President Trump Signs Order to Set U.S. Spectrum Strategy for 5G Networks
【Summary】On Thursday, President Trump signed a presidential memorandum directing the Commerce Department to develop a long-term comprehensive national spectrum strategy to prepare for the introduction of next-generation 5G wireless networks. 5G network speeds are a key requirement for the commercial roll-out of autonomous driving and connected car technology.
Much of the development and successful roll-out of autonomous driving technology hinges on the availability of ultra-fast 5G networks to connect vehicles to the cloud, other vehicles and infrastructure. Developers and companies working on self-driving systems, deep-learning and connected mobility are counting on the availability of reliable 5G network speeds, which are needed to transfer crucial vehicle data in real-time.
The U.S. is beginning to take action with a signing of a memorandum this week.
On Thursday, President Trump signed a presidential memorandum directing the Commerce Department to develop a long-term comprehensive national spectrum strategy to prepare for the introduction of next-generation 5G wireless networks.

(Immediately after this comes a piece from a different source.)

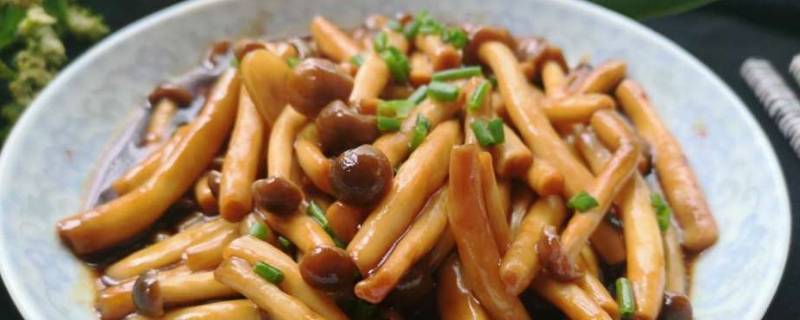 用料:蟹味菇300克、猪肉100克、淀粉4克、料酒3克、葱少许、食用油适量、酱油、盐。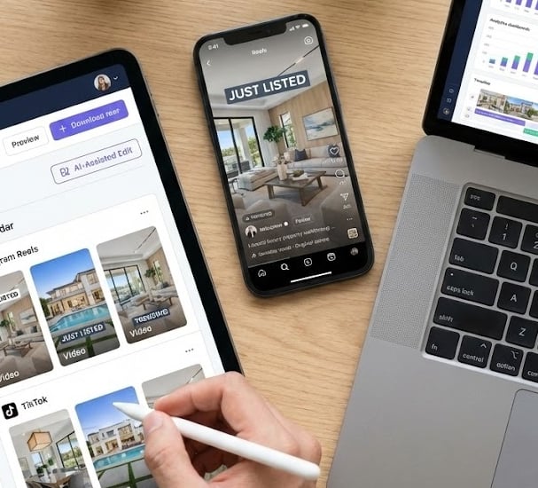 Our remote workflow leverages AI-assisted editing tools to accelerate production, ensuring your Reels and visuals are dynamic, engaging, and ready to capture attention while the listing is still fresh. We turn passive scrolling into active interest

5G network speeds are a key requirement for the commercial rollout of autonomous driving and connected car technology, allowing cars to communicate with the cloud, other nearby vehicles, traffic signals, or other infrastructure. 5G networks offer much greater data transfer speeds and reduced latency than current 4G networks, which is vital for on-board safety systems that need to calculate split second driving decisions.

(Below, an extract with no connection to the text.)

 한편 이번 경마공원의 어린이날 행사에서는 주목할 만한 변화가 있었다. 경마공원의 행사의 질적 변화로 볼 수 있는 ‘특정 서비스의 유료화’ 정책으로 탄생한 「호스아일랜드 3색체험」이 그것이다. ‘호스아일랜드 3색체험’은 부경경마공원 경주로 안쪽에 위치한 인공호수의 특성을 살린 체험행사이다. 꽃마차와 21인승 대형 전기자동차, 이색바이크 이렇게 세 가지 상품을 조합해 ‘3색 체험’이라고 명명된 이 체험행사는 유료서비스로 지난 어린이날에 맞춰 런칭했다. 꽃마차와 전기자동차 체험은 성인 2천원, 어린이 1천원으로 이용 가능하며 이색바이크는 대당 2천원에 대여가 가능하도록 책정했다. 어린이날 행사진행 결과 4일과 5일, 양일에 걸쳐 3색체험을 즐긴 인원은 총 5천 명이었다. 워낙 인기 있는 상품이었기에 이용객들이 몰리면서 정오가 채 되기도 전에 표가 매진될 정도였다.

The memorandum requires a series of reports over the next nine months. The goal of the study is to ensure there is enough spectrum (or bandwidth) to handle the growing amount of internet and wireless traffic and that future 5G networks have adequate spectrum to operate.
U.S. telecommunications companies AT&T Inc, Verizon, Sprint, and T-Mobile U.S. are working to acquire spectrum and preparing to develop and test faster 5G networks, which are expected to be at least 100 times faster than current 4G networks. 5G networks reduce latency, or delays, to less than one-thousandth of a second, the Federal Communications Commission has said.
Automaker Audi is testing an in-vehicle feature that connects its vehicle to traffic signals using a 4G network
As reported by Reuters, wireless industry trade group CTIA praised the Trump administration for "recognizing the importance of establishing a national spectrum strategy. With the right approach based on licensed wireless spectrum, America's wireless carriers will invest hundreds of billions of dollars and create millions of jobs."
"We will prioritize efforts to accelerate the private sector's development of 5G, so that the American people can reap the rewards of this incredible technology," White House adviser Michael Kratsios told reporters on Thursday.
White House officials said they do not support any effort to nationalize the 5G network, which China has done.
China's government prioritized 5G testing years ago with the goal of becoming the world's leader in 5G adoption. According to Reuters, a leaked document uncovered in January suggested the Trump administration was considering the idea.
The Trump administration's lack of a national commitment to 5G technology has caused a rift with the FCC, as other nations including China and south Korea are maker greater progress in rolling out 5G networks.
Democratic Federal Communications Commissioner (FCC) Jessica Rosenworcel questioned the length of the time for the reports.
"Other nations are moving ahead, while we're headed to study hall and in the interim we're slapping big tariffs on 5G networks. This doesn't speed our 5G leadership - it slows us down." she said.
Rosenworcel was referring to the move last month when the U.S. Trade Representative finalized new tariffs on an additional $200 billion of Chinese imports. Included in the 200-page schedule of goods subject to tariffs are vague listings that include "machines for the reception, conversion, and transmission or regeneration of voice, images, or other data, including switching and routing apparatus."
In addition, the schedule of goods includes "apparatus for transmission or reception of voice, images, or other data, including apparatus for communication in a wired or wireless network."
All of these devices might be important components for building out 5G networks. Critics argue that the tariffs will make it more expensive for American companies to buy the hardware they need to develop their 5G infrastructure.
One big issue is a band of spectrum reserved for automakers to enable vehicles to communicate with to one another that has gone largely unused. Cable companies and others want the FCC to award part or all of that to expand Wi-Fi.
Connected cars could arrive on roads as early as 2021. However, the rollout will be dependent on collaboration amongst the many stakeholders involved, including global automakers, Tier 1 suppliers, chip manufacturers and local governments.
Fully autonomous vehicles will require real-time data transmission before rolling out at scale. Current cellular networks such as LTE have a latency of 30 to 40 milliseconds, which is unsafe for fully-autonomous vehicles.